6. 1. Suppose that $b$ belongs to ${\ell }^{\mathsf{p}}(\mathbb{N})$ which means $$\sum _{n=1}^{\mathrm{\infty }}|b(n){|}^p<\mathrm{\infty }$$ and note then that $$\sum _{n=1}^{\mathrm{\infty }}|(Tb)(n){|}^p=\sum _{n=2}^{\mathrm{\infty }}|b(n){|}^p\le \sum _{n=1}^{\mathrm{\infty }}|b(n){|}^p<\mathrm{\infty }$$ so $T(b)$ also belongs to ${\ell }^{\mathsf{p}}$.
   2. Take $b(n)=2^{-n}$. We have $$\Vert b{\Vert }_{\mathsf{1}}=1\Vert T(b){\Vert }_{\mathsf{1}}={\displaystyle \frac{1}{2}}$$ so $T$ does not preserve the norms of elements in e.g. ${\ell }^{\mathsf{1}}(\mathbb{N})$ and is therefore not an isometry.

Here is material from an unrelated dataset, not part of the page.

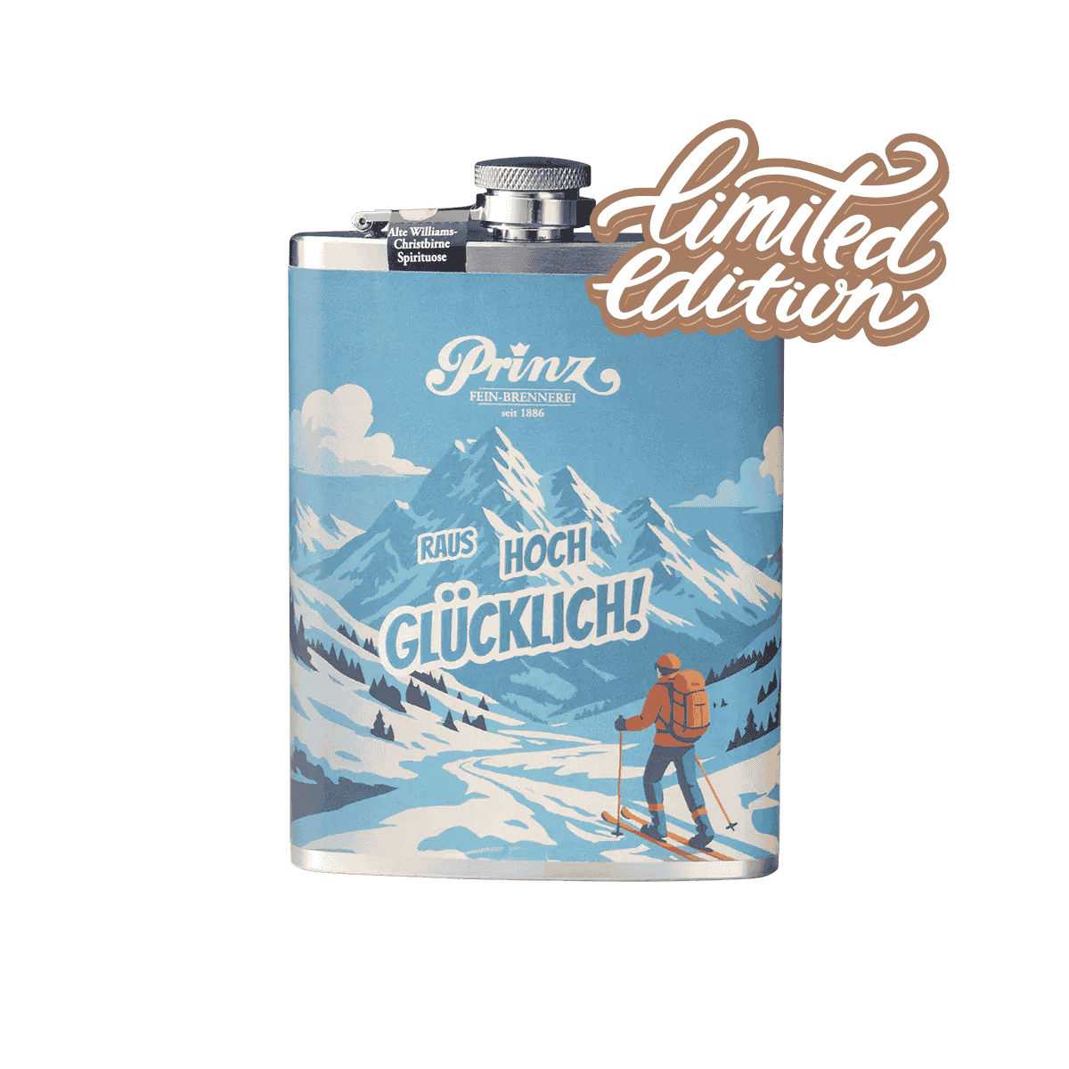 Edelstahl-Flachmann mit Alter Williams-Christbirne 41% vol

7. Define $\rho :\mathsf{C}(I_n)\to \mathbb{R}$ by $$\rho (f)=\underset{n}{\overset{n+1}{\int }}f(x)\mathsf{d}x$$ and note, by properties of the Riemann integral, that $\rho$ is linear and satisfies $$|\rho (f)|\le \Vert f{\Vert }_{\mathsf{u}}$$ for all $f\in \mathsf{C}(I_n)$. Moreover, when $f\ge 0$ we have $\rho (f)\ge 0$. There is therefore - by the Riesz representation thorem - a measure ${\mu }_n$ on the Borel subsets of $I_n$ such that $$\underset{n}{\overset{n+1}{\int }}f(x)\mathsf{d}x=\int f\mathsf{d}{\mu }_n$$ for all $f\in \mathsf{C}(I_n)$.
   
   By properties of the Riemann integral, we have for every compactly supported continuous function $f:\mathbb{R}\to \mathbb{R}$ that $$\int f\mathsf{d}\lambda =\underset{-\mathrm{\infty }}{\overset{\mathrm{\infty }}{\int }}f(x)\mathsf{d}x=\sum _{n\in \mathbb{Z}}\int f\mathsf{d}{\mu }_n$$ with the indefinite Riemann integral existing because $f=0$ outside some large interval $[-A,A]$. By suitably approximating $1_{(a,b)}$ by continuous functions for all $a<b\in \mathbb{R}$ one can show that $$\lambda ((a,b))=\sum _{n\in \mathbb{Z}}{\mu }_n((a,b))$$ for all such intervals.